To anyone else, it might seem as though this insistent questioning stemmed from a real desire to discover the human’s motives. Venick was a known threat. He too was a loose end. His return to Evov raised many questions; Farahshouldseek to uncover his purpose. Yet Ellina knew her sister, and so she knew the truth: Farah was testing her.

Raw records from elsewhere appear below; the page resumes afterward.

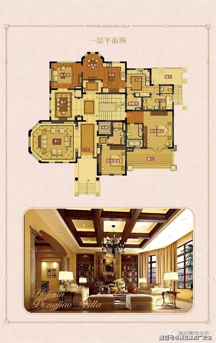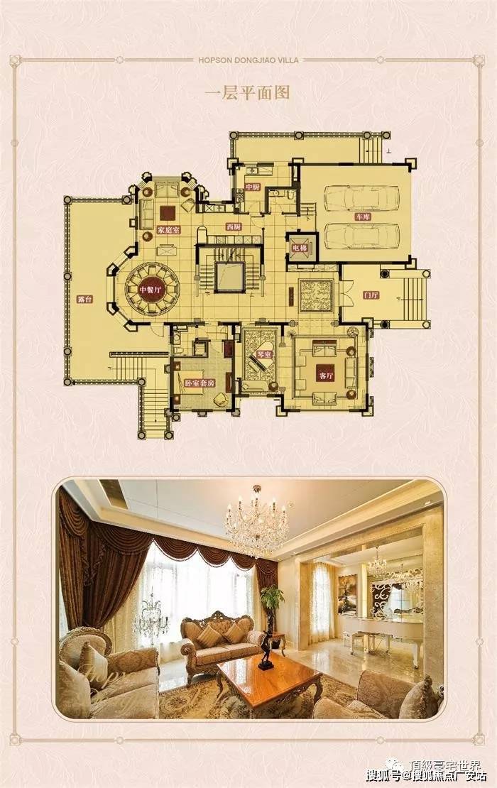 一楼层高3.8米,设有一个套房、一个书房,客厅、中西厨、餐厅与家庭室、佣人房……整个房型四面采光无死角。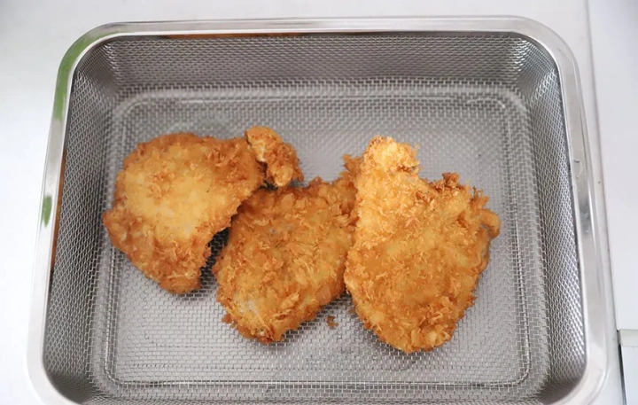 튀긴 돈가스는 채반에 받쳐 한김 식혀주면 훨씬 바삭바삭해요.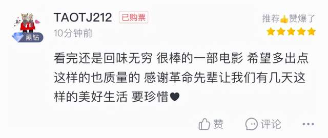 也有观众在看完后,还迟迟没有缓过劲来,表示这是一部回味无穷的电影,希望多出点这样质量的片子,感谢革命先辈让我们有今天这样的美好生活,我们一定要要珍惜。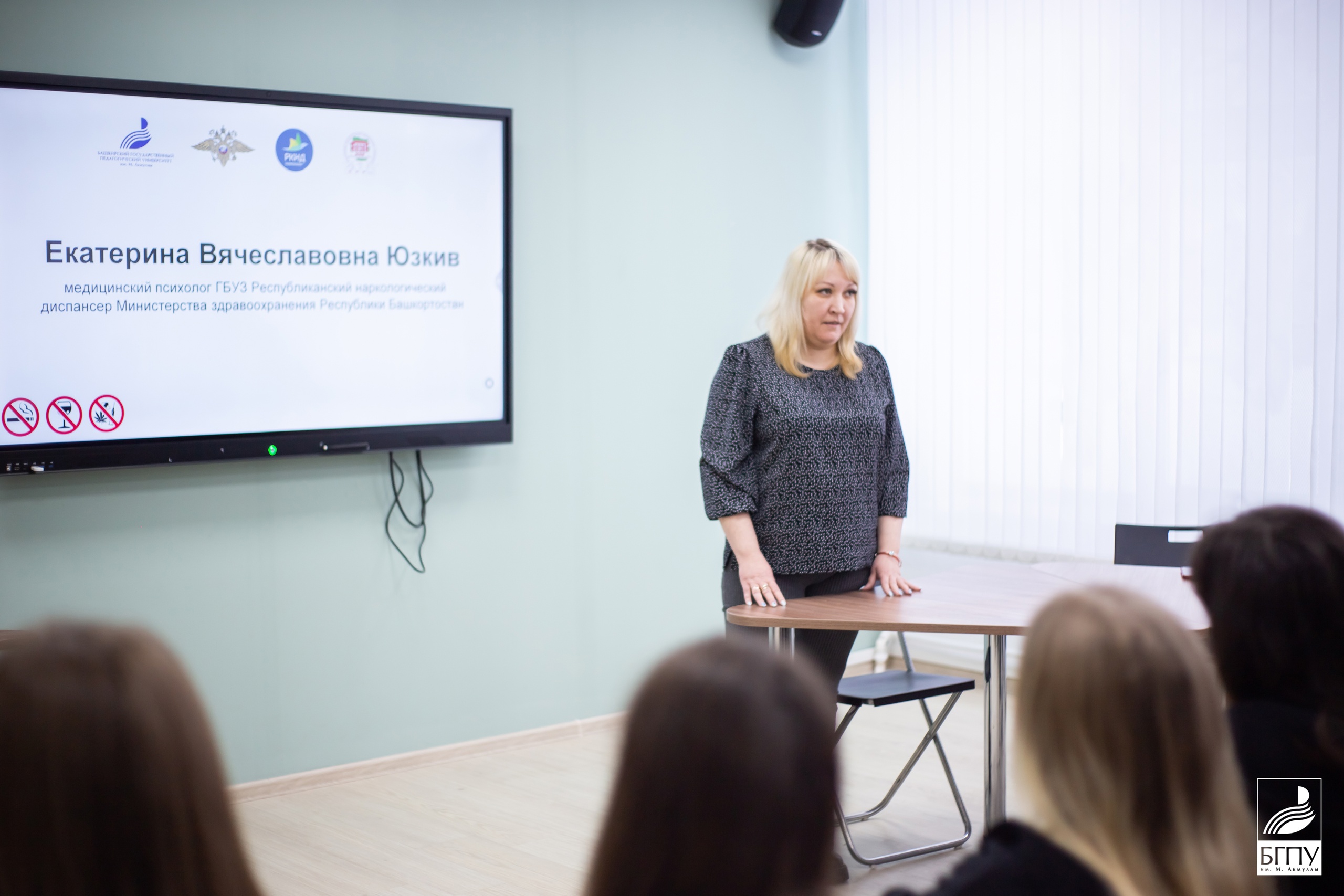В ходе встречи велась профилактическая беседа про наркоманию, алкоголь и табакокурение. Представитель МВД по РБ Регина Киреева в доступной форме с яркими примерами из профессиональной практики рассказала студентам о зависимости от наркотических веществ и о его последствиях во всех сферах жизни. Вниманию участников был представлен видеоролик «Белая зебра», после которого обсуждались причины и исходы употребления наркотиков.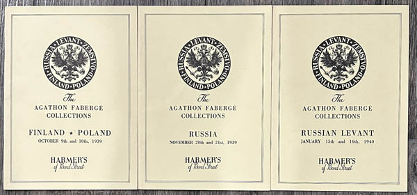 ![]() H.R. Harmer, The Agathon Faberge Collections, 1939-40, soft bound including Finland, Poland, Russia and Russian Levant with prices realized, Rarely offered catalogues of a famous sale. Estimate $40 - 60 In philatelic terms he is one of the most famous Russian philatelists, probably better known as the son of the famous jeweler Peter Karl Gustavovich Fabergé-creator of Fabergé eggs. View details and enlarged photo | Unsold |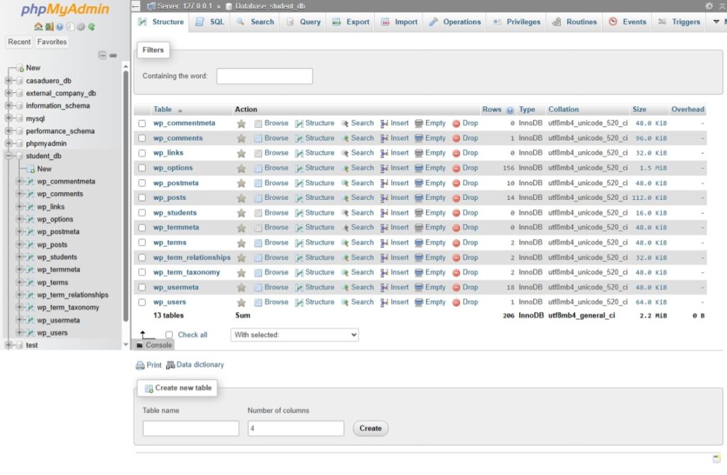 $table_name = $wpdb->prefix . 'students';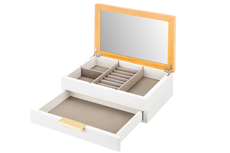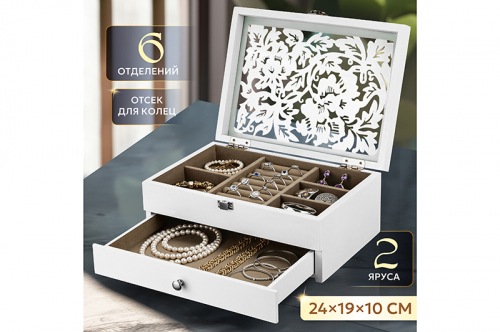 Шкатулка для украшений от Elan Gallery послужит универсальным органайзером для ювелирных изделий и бижутерии. Общий размер изделия – 26х18,5х8,5 см. Состоит из двух ярусов и откидной бамбуковой крышки. Верхний ярус включает два маленьких отделения, одно большое, и один специальный отсек для колец. Нижний ярус представляет собой выдвижной ящичек свободного назначения. На внутренней стороне крышки расположено зеркало размером 22х14 см. Эстетичная коробочка белого цвета поможет навести порядок даже в богатой коллекции драгоценностей! Прочные разделители помогут сортировать аксессуары удобным для вас способом: по типу изделия, цвету или материалу. Разложите по отсекам кулоны, колье или цепочки из золота, серебра и других металлов. Отделение для колец также можно использовать для хранения серёг-колец или серёжек-гвоздиков. Заполните вместительный нижний ярус браслетами или наручными часами, а также декоративными изделиями, контейнерами с бусинами, швейными принадлежностями или любыми другими вещами. Такая шкатулка станет оригинальным подарком как для девочки-подростка, так и для женщины. Подарите её маме, бабушке или подруге, чтобы порадовать их стильным и практичным дополнением хозяйственного инвентаря. Нежный и эстетичный дизайн гармонично впишет изделие в любой интерьер, позволяя хранить коробку даже на открытой полке. Это особенно удобно для тех, кто пользуется украшениями ежедневно. Поставляется в прочной картонной упаковке. В коллекции бренда Элан Галерея вы найдет большой ассортимент товаров для дома, которые помогут вам организовать бережную систему хранения ваших вещей!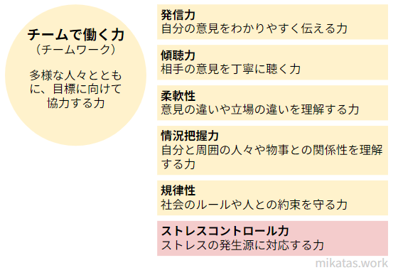 ストレスコントロール力はストレスの発生源に対応する力です。「チームで働く力」に含まれます。例えば、ストレスを感じることがあっても、成長の機会だとポジティブに捉えて肩の力を抜いて対応することです。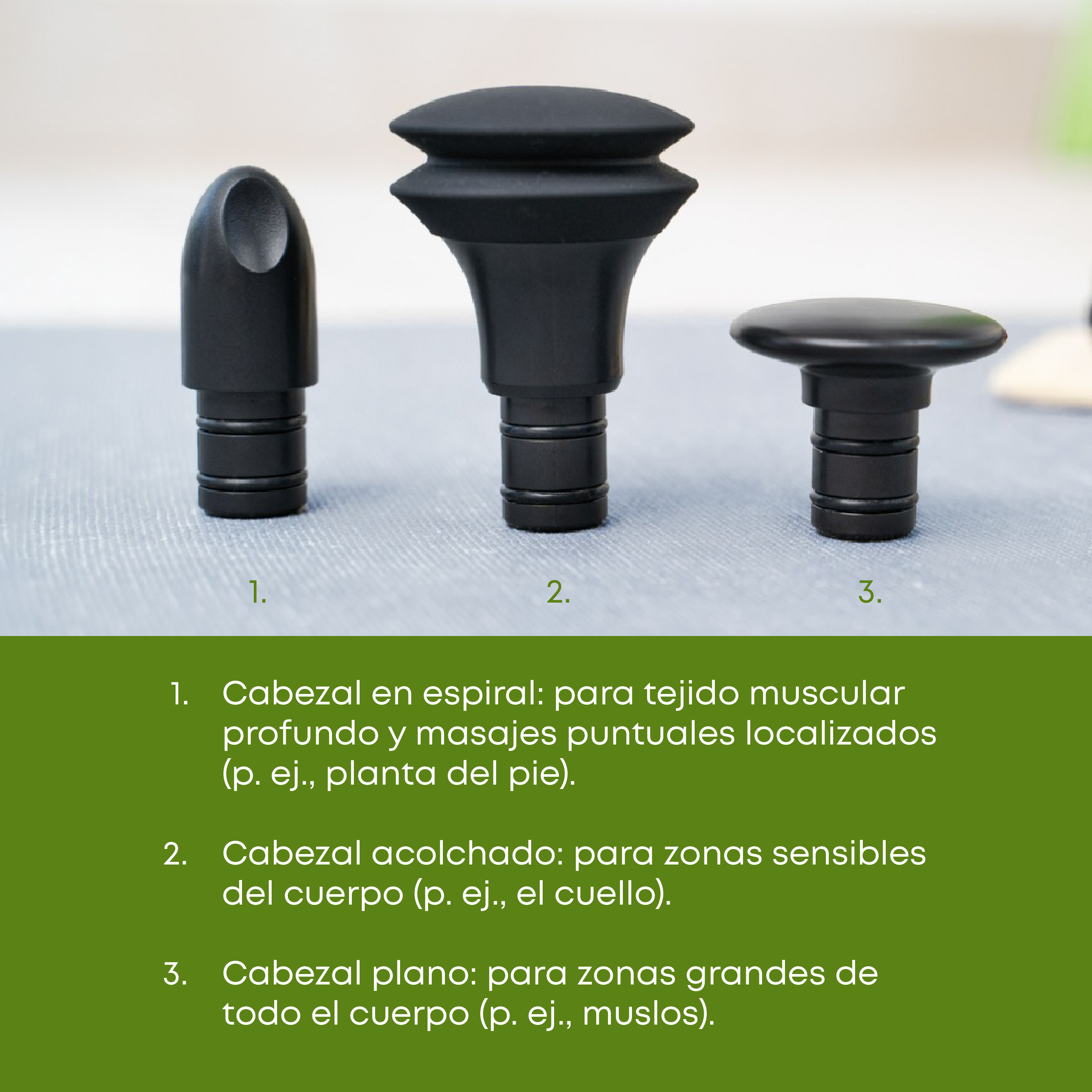 Cuenta con 3 cabezales intercambiables que se adaptan a cada necesidad, permitiendo un masaje personalizado en cualquier parte del cuerpo con precisión y comodidad.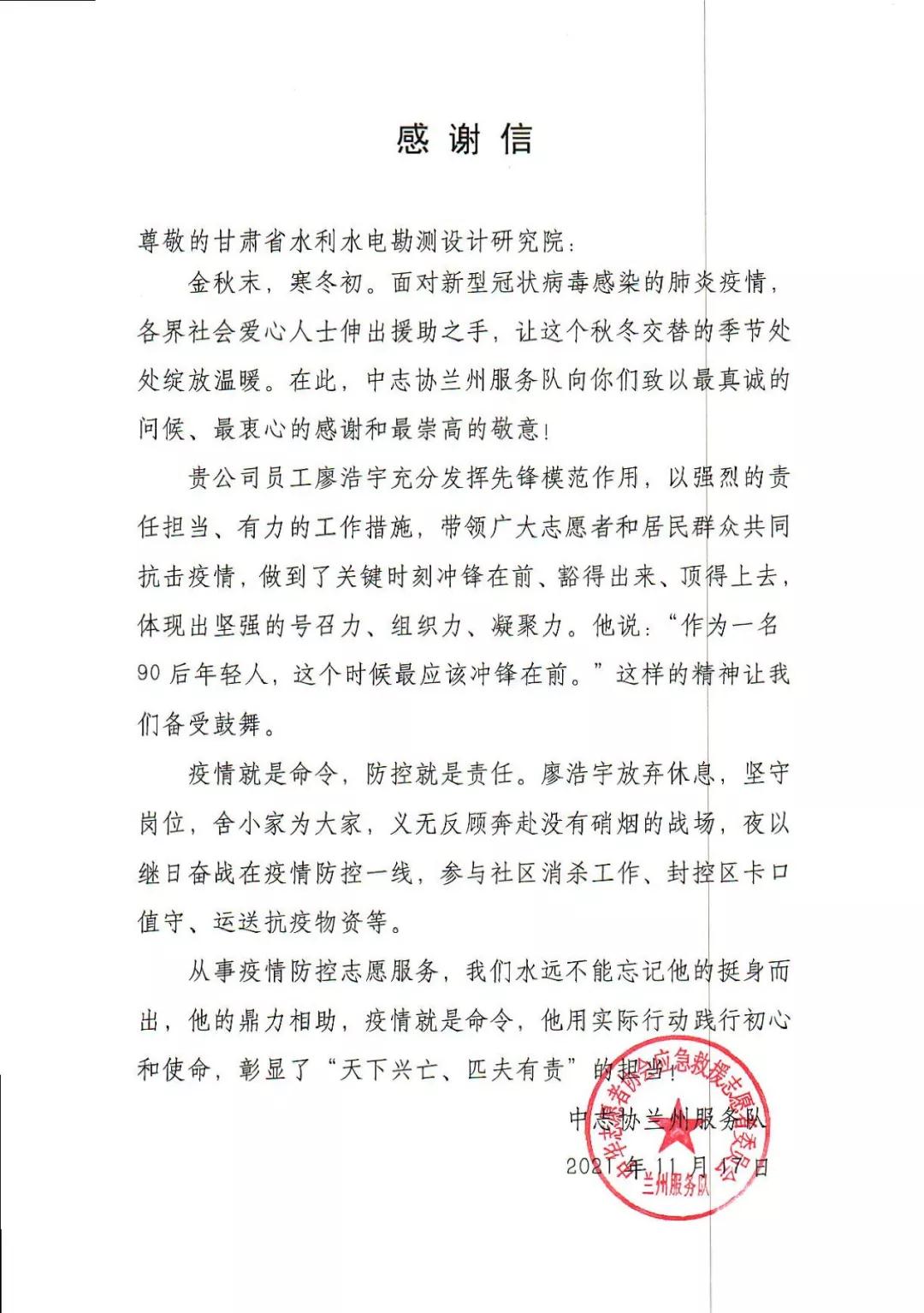 近日,水電設(shè)計(jì)院收到中志協(xié)蘭州服務(wù)隊(duì)和團(tuán)結(jié)新村街道天平街社區(qū)發(fā)來的感謝信。信中對(duì)水電設(shè)計(jì)院規(guī)劃院?jiǎn)T工廖浩宇在此次疫情發(fā)生后,主動(dòng)請(qǐng)纓參加疫情防控服務(wù)工作,甘當(dāng)疫情防控最美逆行者,持續(xù)堅(jiān)持26天志愿者服務(wù)的先進(jìn)事跡表示感謝。

It had been like this ever since their bargain. Farah constantly aimed to challenge her sister’s loyalty, to push at the underworking of Ellina’s thoughts to see if they would push back. Farah had always suspected that there was something romantic between Venick and Ellina. She suspected, too, that Ellina was not being wholly truthful when she had agreed to their deal. It did not matter that Ellina had both refuted her feelings for Venick and pledged her loyalty to Farah in elvish, or that lying in elvish was supposed to be impossible. Farah’s suspicions remained.

Ellina was careful not to drop her sister’s gaze. She met Farah’s stare coolly, observing her sharp cheekbones, her haughty mouth, the slim line of golden earrings that signified her new rank as queen.

Ellina was grateful for Farah’s distrust. She was grateful for the way that distrust had become like a tool in Ellina’s palm: a mirror that could be angled into the light to blind Farah. Because if Farah was busy worrying over Ellina’s secrets, Ellina could make a move that looked nothing like a move.

“You are right,” Ellina said lightly. “There is another possibility. It is possible that Venick returned to Evov for me.”